What you need to do: In the listing below, find the line with "Another recent aquisition" and copy every line from there up to and including the line with "1001 белая роза", exactly and without pictures.

Study material:
◇ ◇ ◇ ◇ ◇

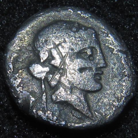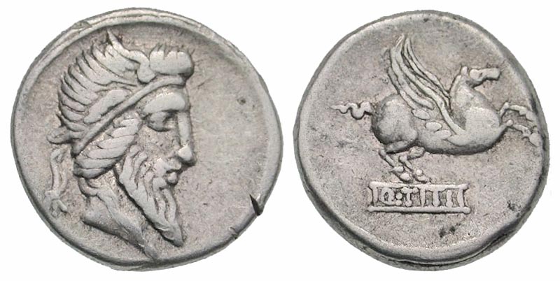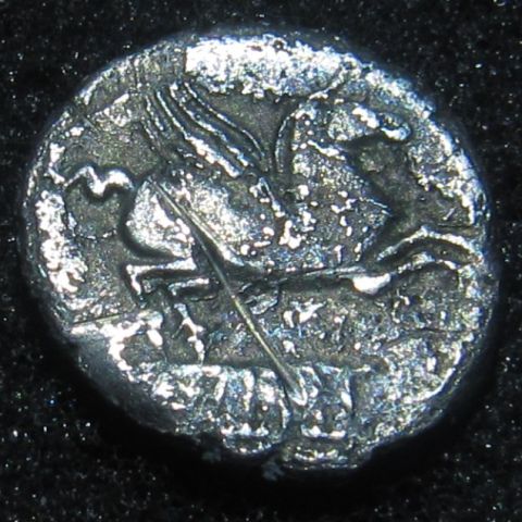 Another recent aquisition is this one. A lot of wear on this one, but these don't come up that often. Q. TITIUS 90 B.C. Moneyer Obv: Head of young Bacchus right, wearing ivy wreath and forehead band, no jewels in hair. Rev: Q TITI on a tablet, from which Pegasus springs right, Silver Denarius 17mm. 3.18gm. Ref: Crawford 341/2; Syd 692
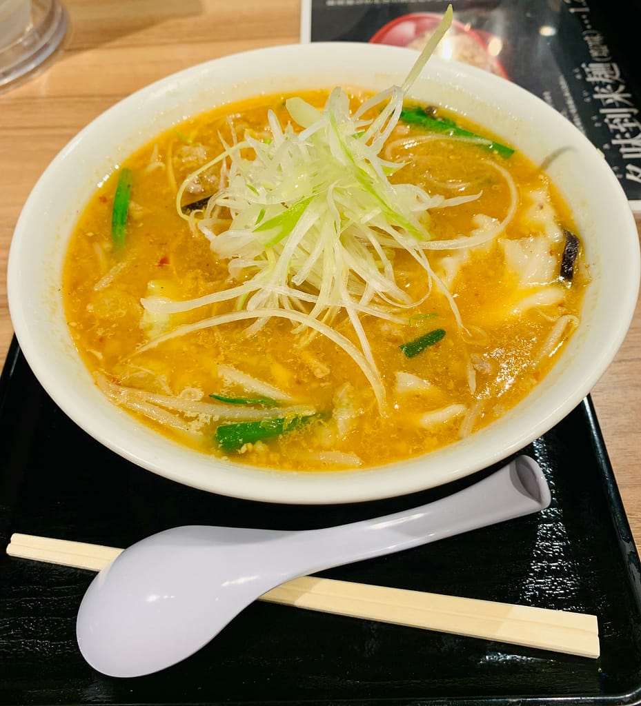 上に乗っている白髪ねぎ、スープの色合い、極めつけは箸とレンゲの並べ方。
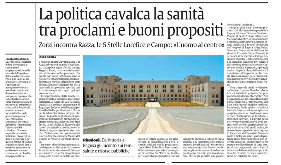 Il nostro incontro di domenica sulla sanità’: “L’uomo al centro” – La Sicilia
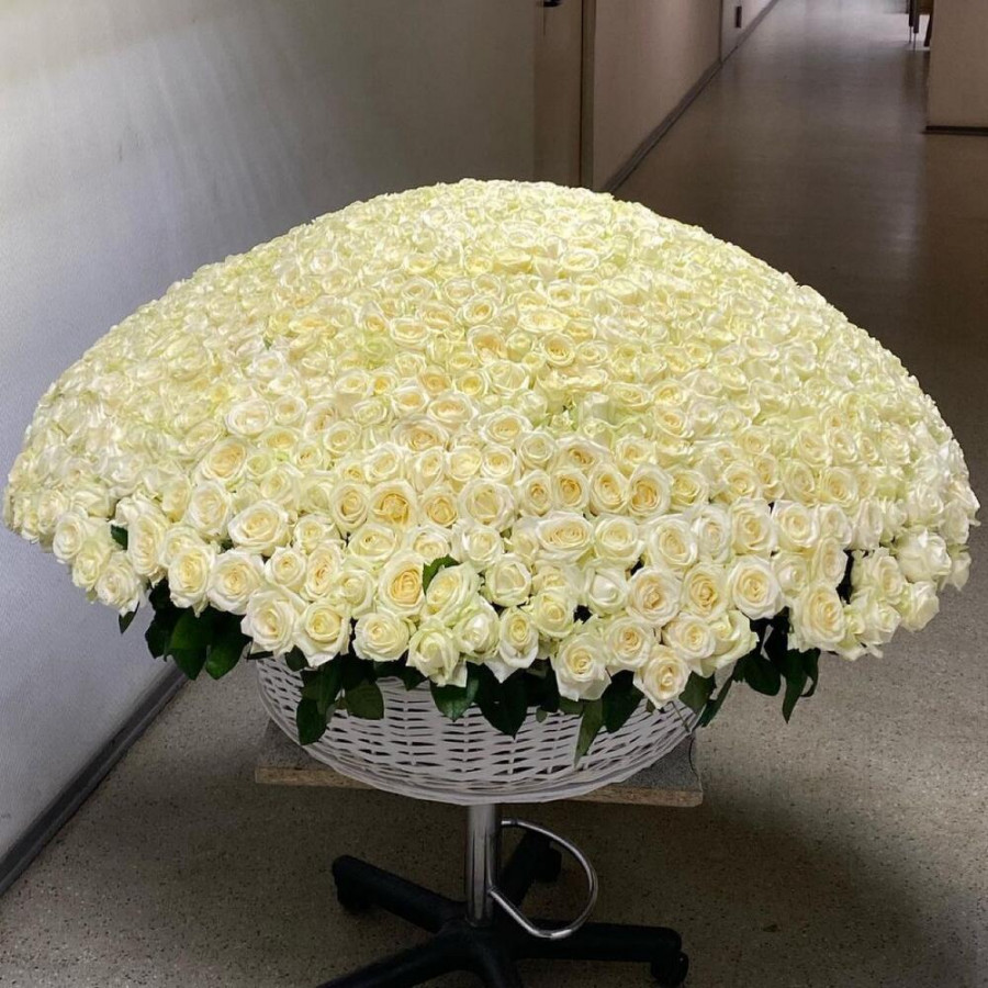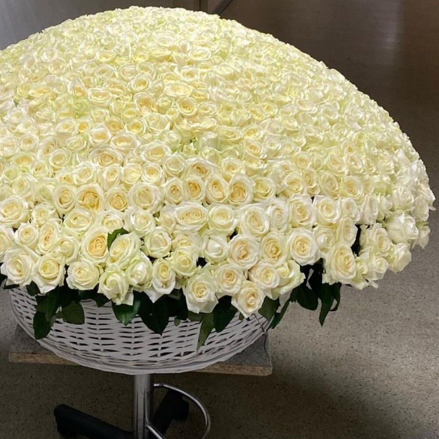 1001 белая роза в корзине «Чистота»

◇ ◇ ◇ ◇ ◇

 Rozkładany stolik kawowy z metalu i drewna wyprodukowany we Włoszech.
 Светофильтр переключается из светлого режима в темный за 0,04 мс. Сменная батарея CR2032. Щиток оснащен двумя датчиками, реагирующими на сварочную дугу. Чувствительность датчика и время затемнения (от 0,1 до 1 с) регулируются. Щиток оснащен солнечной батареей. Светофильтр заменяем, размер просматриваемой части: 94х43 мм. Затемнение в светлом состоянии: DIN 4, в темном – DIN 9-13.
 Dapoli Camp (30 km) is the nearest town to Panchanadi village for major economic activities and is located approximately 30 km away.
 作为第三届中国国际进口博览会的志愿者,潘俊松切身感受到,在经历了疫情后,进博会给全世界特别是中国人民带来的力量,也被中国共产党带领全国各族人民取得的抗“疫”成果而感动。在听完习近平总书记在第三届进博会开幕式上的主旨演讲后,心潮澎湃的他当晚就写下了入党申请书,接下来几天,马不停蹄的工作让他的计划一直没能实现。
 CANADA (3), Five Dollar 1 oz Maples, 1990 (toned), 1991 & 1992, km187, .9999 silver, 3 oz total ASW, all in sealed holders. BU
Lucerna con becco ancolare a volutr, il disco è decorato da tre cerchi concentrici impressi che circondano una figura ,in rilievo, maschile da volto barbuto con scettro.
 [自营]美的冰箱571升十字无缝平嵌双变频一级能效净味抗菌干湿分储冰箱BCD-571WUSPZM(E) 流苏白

◇ ◇ ◇ ◇ ◇

Exercise output:
 Another recent aquisition is this one. A lot of wear on this one, but these don't come up that often. Q. TITIUS 90 B.C. Moneyer Obv: Head of young Bacchus right, wearing ivy wreath and forehead band, no jewels in hair. Rev: Q TITI on a tablet, from which Pegasus springs right, Silver Denarius 17mm. 3.18gm. Ref: Crawford 341/2; Syd 692
 上に乗っている白髪ねぎ、スープの色合い、極めつけは箸とレンゲの並べ方。
 Il nostro incontro di domenica sulla sanità’: “L’uomo al centro” – La Sicilia
 1001 белая роза в корзине «Чистота»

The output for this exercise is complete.